Goldman Sachs Asset Management on Wednesday announced the final closing of Vintage IX and Vintage Infrastructure Partners, having raised a combined $15.2 billion for the pair of private market secondaries funds.
Vintage IX, the latest iteration of Goldman’s diversified private equity secondaries strategy and the largest of the Vintage Funds series, closed above its fundraising target with $14.2 billion in committed equity, the investment bank’s asset management arm said in a release.
Commitments to the fund came from institutional and high-net-worth investors and from Goldman Sachs employees. The firm’s predecessor fund, Vintage VIII, closed on $10.3 billion of commitments in 2020.
“We are deeply appreciative of the support from both existing and new investors,” said Harold Hope, global head of secondaries at Goldman Sachs Asset Management. “In addition to this capital, we also raised committed co-investment capital which gives us additional flexibility to pursue a diverse opportunity set.”
Rescuing Overstretched Funds
Secondaries acquire existing interests from limited partners or assets from primary private equity fund investors.

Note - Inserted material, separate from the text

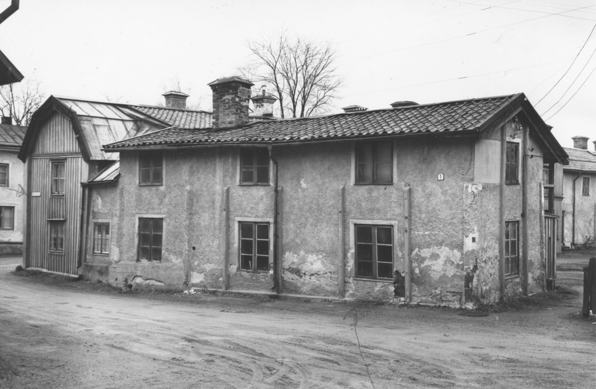 Titel: Enköping, Munksundet, kvarteret Garvaren nr 1, gamla garvargården mot söder från Hantverkaregatan

Demand for liquidity is high, Goldman Sachs said, with many global institutions over-allocated to private markets or in search of ways to generate cash within their portfolios.
“We are at an inflection point in the secondaries market,” Hope said. “Today there are more ways to derive value from secondaries than ever before, and we believe the long-term winners in this market will be buyers that can navigate it as whole and weigh relative value across transaction types and structures.”
Vintage Infrastructure Partners closed on $1 billion in equity commitments to make it Goldman’s inaugural commingled fund dedicated to the infrastructure secondaries market.
Hope said the firm is encouraged by tailwinds that continue to drive growth and opportunity in the infrastructure segment. “With dedicated infrastructure secondary capital, we hope to be a more complete solutions provider to investors and managers looking for liquidity options across the entire range of their private market investments,” he said.
According to Goldman, the secondaries team’s sourcing of infrastructure secondaries grew by more than 40 percent between 2021 and 2022 and surged to a record half-year total in 2023.
In Asian real estate, a notable deal was Frasers Property’s use of secondary trades in 2019 to increase its investment in a PGIM retail fund by S$635 million ($470.1 million).
Frasers and its Frasers Centrepoint Trust upped their stake in the PGIM fund, the owner of a set of suburban Singaporean malls, to 67 percent by purchasing shares in the fund on the secondary market from Dutch pension fund manager PGGM, sources told Mingtiandi at the time.
The secondaries market is more developed in the US and Europe because of the longer history of non-listed real estate funds in those regions, according to property consultancy JLL.